[Records shown — start]
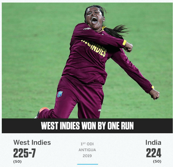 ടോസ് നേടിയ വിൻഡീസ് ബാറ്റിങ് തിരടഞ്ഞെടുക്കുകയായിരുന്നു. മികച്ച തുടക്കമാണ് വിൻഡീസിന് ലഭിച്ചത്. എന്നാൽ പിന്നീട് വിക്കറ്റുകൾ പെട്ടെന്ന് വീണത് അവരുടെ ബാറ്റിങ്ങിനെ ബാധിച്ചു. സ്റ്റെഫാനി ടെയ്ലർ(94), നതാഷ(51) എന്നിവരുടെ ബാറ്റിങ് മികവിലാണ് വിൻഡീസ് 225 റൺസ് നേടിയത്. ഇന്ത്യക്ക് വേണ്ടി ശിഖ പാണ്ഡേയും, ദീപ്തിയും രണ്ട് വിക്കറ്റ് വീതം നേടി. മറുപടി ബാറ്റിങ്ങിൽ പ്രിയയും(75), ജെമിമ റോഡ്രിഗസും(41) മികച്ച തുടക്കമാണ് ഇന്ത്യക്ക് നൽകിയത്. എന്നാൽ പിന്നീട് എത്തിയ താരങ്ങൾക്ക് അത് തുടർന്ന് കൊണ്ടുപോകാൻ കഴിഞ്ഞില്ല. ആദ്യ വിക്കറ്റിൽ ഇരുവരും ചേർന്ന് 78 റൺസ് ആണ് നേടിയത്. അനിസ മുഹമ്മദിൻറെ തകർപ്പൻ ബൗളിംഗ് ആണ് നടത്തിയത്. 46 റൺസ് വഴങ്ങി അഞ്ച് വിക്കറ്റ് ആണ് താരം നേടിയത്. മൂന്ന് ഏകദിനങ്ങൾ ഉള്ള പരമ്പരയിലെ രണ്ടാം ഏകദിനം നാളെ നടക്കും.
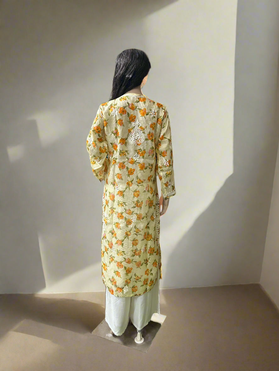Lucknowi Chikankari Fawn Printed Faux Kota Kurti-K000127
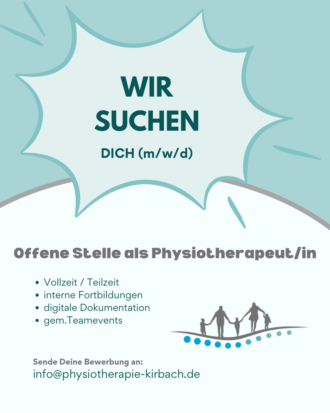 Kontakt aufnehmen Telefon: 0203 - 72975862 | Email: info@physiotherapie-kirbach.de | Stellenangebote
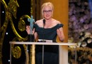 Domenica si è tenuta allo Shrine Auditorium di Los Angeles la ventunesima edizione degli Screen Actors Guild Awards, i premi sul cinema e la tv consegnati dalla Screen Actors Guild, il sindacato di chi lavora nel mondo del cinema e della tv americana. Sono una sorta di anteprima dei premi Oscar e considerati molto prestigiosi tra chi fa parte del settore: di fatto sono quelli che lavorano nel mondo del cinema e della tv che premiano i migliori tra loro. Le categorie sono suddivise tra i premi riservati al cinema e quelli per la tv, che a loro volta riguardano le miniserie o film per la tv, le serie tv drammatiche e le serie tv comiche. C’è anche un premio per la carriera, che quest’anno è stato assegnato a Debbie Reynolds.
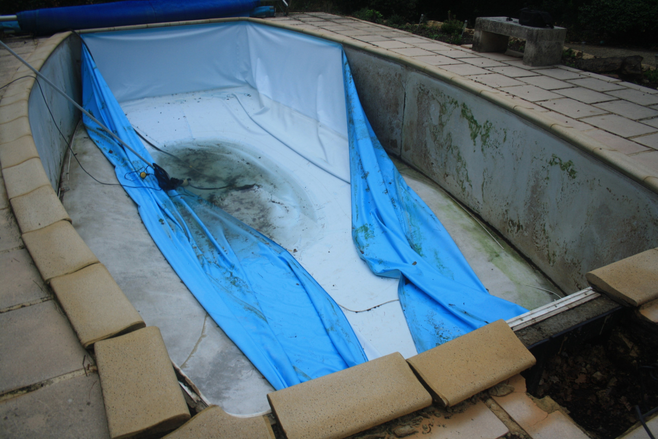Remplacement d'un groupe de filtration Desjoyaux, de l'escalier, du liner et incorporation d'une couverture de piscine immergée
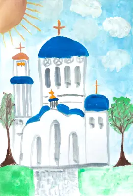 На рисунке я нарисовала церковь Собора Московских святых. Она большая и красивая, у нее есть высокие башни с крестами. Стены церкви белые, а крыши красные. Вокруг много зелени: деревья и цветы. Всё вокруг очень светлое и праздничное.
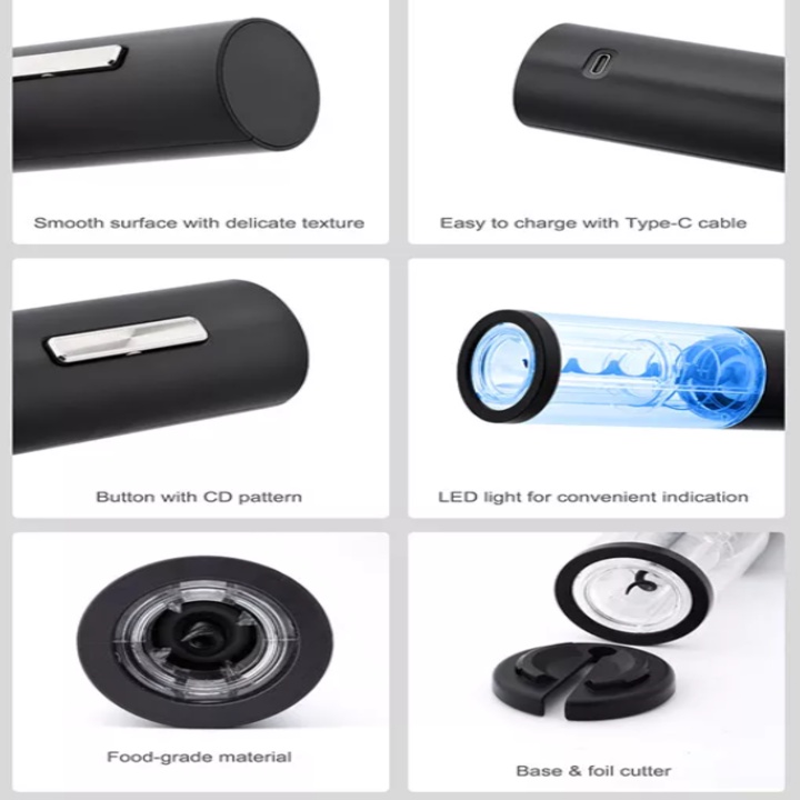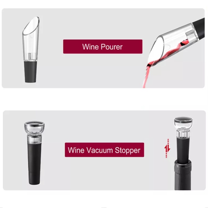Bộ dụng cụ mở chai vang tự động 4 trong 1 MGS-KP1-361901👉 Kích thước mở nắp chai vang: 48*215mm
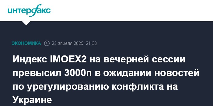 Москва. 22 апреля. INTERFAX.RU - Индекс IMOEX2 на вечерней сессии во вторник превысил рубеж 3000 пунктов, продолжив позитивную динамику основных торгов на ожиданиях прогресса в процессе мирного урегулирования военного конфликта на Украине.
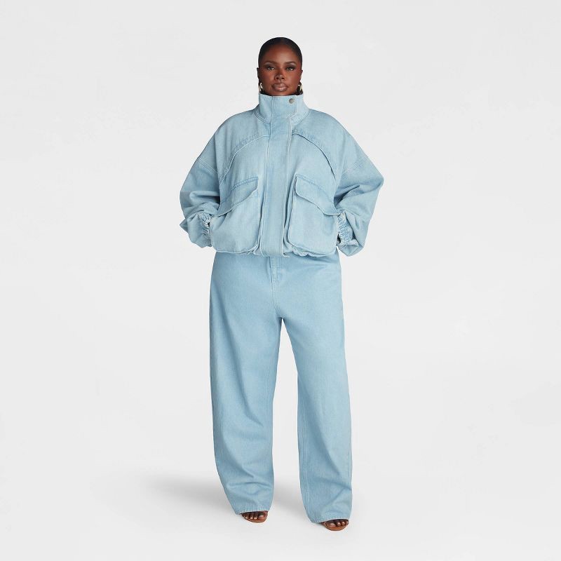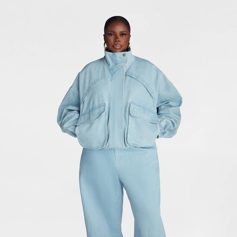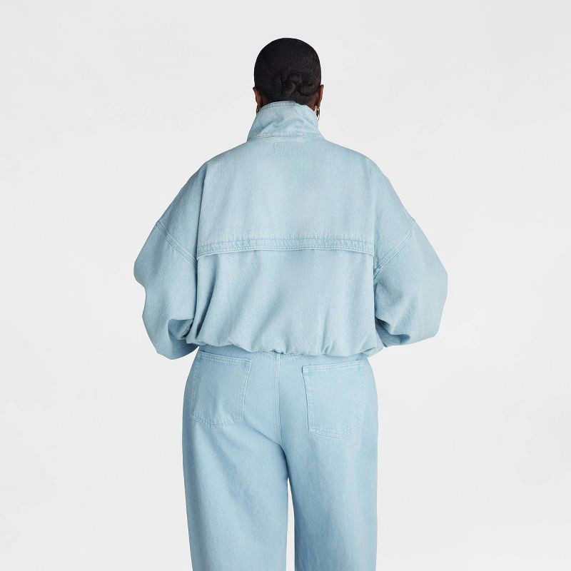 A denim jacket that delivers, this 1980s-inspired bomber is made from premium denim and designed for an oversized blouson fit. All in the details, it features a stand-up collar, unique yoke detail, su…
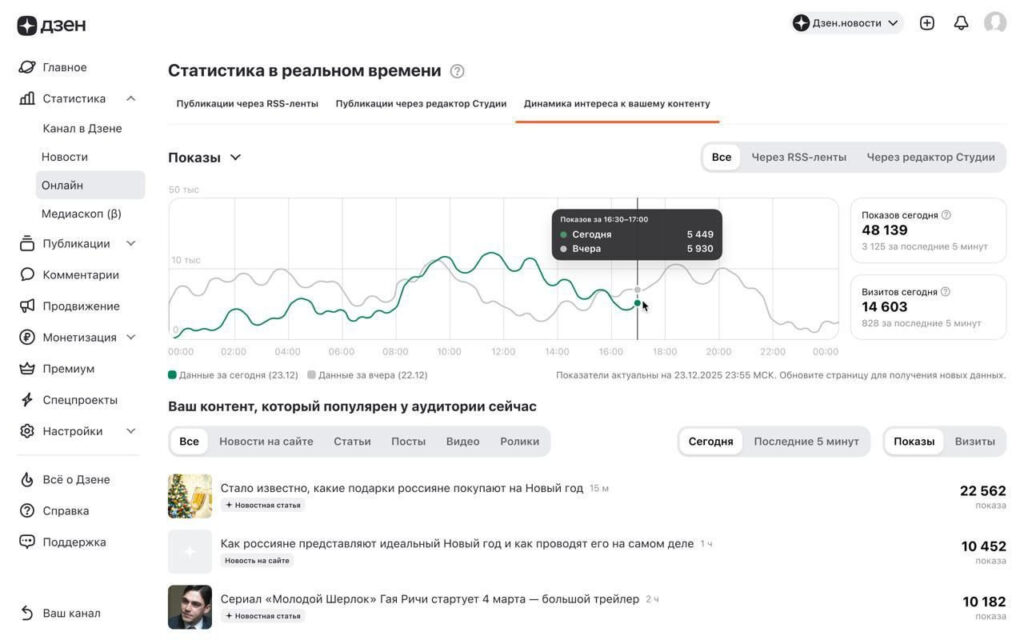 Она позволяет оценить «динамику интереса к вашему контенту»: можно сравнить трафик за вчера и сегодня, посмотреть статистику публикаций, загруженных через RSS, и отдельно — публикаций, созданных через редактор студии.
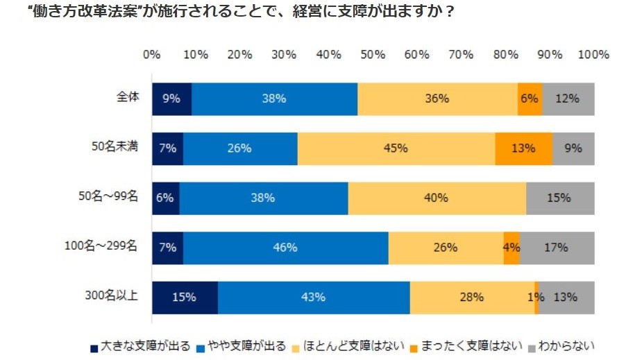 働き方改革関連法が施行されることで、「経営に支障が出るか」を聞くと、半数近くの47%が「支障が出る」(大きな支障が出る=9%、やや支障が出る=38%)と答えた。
[Records shown — finish]
[Records shown — start]
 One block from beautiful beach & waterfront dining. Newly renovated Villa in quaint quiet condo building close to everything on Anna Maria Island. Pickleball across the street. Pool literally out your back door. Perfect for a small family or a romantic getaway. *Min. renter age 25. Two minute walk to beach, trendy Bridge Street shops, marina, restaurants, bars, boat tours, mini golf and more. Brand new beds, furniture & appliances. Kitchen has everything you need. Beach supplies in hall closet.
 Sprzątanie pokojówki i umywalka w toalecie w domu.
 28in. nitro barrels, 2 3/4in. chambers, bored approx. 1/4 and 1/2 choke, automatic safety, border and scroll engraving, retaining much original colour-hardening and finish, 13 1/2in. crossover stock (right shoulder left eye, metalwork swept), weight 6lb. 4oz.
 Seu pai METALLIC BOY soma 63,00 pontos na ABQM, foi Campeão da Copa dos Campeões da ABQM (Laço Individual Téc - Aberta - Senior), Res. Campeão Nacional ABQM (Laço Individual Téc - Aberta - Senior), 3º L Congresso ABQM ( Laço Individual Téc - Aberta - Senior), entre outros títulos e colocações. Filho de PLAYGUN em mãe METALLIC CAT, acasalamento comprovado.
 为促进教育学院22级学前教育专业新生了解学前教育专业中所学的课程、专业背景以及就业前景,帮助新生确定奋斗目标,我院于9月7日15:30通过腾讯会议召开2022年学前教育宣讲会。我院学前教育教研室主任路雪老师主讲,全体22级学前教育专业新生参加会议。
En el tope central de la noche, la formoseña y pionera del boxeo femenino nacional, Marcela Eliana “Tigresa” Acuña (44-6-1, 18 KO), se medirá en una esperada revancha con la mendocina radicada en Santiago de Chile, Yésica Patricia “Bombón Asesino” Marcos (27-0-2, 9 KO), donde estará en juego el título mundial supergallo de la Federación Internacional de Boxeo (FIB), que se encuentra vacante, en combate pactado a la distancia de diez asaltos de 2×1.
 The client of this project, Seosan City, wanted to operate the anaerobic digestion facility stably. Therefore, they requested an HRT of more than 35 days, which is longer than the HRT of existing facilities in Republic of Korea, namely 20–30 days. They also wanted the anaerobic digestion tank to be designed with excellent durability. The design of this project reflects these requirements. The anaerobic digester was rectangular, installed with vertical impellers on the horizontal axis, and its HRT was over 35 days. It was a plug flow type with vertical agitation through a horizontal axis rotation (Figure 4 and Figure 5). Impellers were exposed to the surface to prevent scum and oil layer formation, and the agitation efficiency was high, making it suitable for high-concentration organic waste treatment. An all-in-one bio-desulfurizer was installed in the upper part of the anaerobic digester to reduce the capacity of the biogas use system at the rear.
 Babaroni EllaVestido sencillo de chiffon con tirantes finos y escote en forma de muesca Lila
[Records shown — finish]
[Records shown — start]
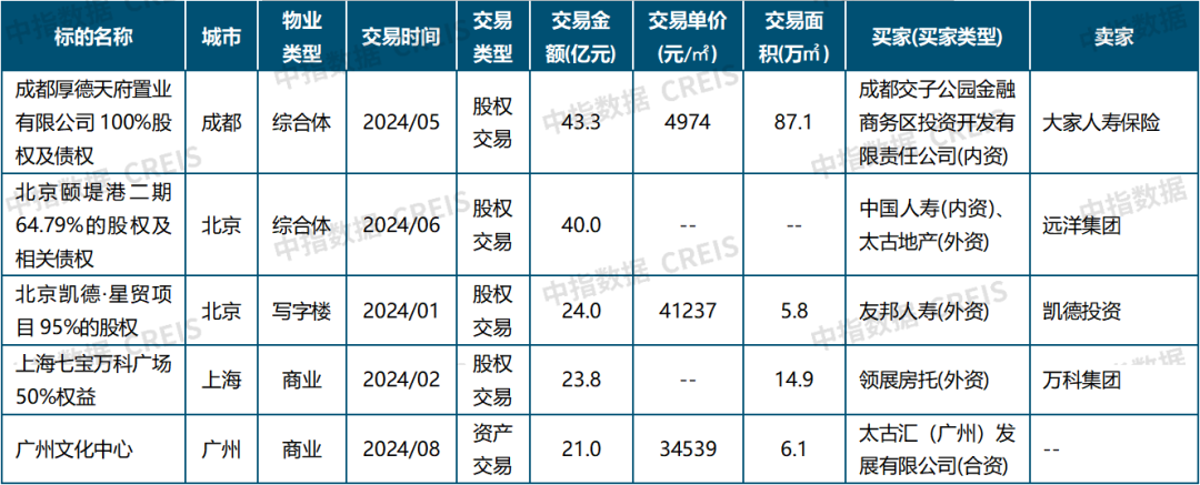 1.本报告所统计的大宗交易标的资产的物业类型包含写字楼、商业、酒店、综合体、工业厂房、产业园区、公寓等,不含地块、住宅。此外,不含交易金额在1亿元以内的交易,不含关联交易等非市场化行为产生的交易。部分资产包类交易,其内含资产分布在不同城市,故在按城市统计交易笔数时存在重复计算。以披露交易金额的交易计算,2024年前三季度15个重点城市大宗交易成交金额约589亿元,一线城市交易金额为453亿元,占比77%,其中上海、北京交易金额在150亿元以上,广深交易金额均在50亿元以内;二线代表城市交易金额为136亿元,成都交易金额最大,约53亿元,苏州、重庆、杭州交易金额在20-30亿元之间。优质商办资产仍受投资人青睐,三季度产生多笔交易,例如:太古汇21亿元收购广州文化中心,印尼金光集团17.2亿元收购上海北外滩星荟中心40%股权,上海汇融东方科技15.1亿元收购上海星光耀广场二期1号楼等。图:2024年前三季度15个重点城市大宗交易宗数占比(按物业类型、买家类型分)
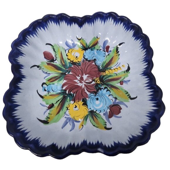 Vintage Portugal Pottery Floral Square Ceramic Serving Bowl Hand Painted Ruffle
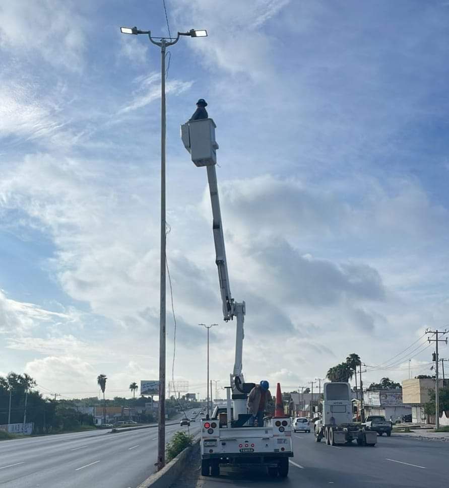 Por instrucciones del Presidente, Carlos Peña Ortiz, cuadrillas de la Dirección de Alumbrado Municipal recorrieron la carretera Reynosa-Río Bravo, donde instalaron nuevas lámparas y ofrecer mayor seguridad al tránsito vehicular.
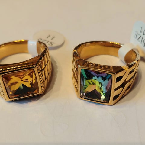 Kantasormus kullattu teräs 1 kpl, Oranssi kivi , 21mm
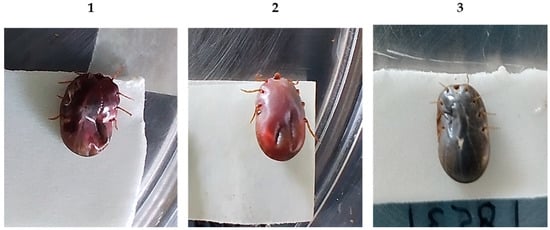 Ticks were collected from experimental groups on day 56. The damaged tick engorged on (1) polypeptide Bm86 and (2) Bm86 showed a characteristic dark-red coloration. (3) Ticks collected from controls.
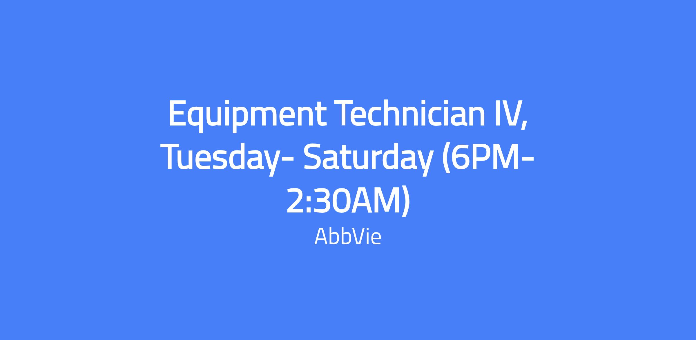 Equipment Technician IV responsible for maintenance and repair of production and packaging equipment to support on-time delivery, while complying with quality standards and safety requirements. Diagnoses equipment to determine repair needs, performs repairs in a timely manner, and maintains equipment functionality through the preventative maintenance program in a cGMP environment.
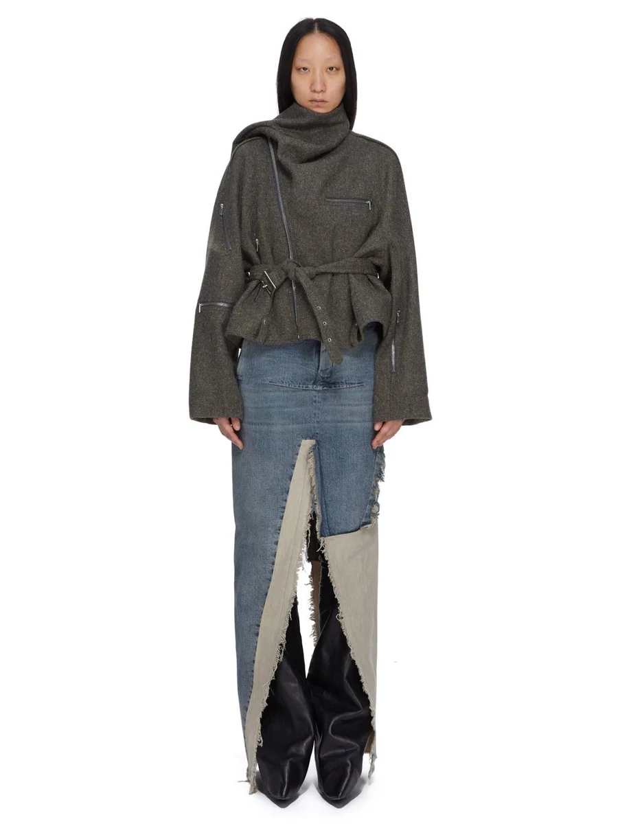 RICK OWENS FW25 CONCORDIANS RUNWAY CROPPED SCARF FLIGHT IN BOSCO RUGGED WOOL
[Records shown — finish]
- _Task requirements_
Output exactly the lines above, from the line with "1.本报告所统计的大宗交易标" to the line with "Kantasormus kullattu teräs", both included; skip the pictures.

- _Exercise response_
 1.本报告所统计的大宗交易标的资产的物业类型包含写字楼、商业、酒店、综合体、工业厂房、产业园区、公寓等,不含地块、住宅。此外,不含交易金额在1亿元以内的交易,不含关联交易等非市场化行为产生的交易。部分资产包类交易,其内含资产分布在不同城市,故在按城市统计交易笔数时存在重复计算。以披露交易金额的交易计算,2024年前三季度15个重点城市大宗交易成交金额约589亿元,一线城市交易金额为453亿元,占比77%,其中上海、北京交易金额在150亿元以上,广深交易金额均在50亿元以内;二线代表城市交易金额为136亿元,成都交易金额最大,约53亿元,苏州、重庆、杭州交易金额在20-30亿元之间。优质商办资产仍受投资人青睐,三季度产生多笔交易,例如:太古汇21亿元收购广州文化中心,印尼金光集团17.2亿元收购上海北外滩星荟中心40%股权,上海汇融东方科技15.1亿元收购上海星光耀广场二期1号楼等。图:2024年前三季度15个重点城市大宗交易宗数占比(按物业类型、买家类型分)
 Vintage Portugal Pottery Floral Square Ceramic Serving Bowl Hand Painted Ruffle
 Por instrucciones del Presidente, Carlos Peña Ortiz, cuadrillas de la Dirección de Alumbrado Municipal recorrieron la carretera Reynosa-Río Bravo, donde instalaron nuevas lámparas y ofrecer mayor seguridad al tránsito vehicular.
 Kantasormus kullattu teräs 1 kpl, Oranssi kivi , 21mm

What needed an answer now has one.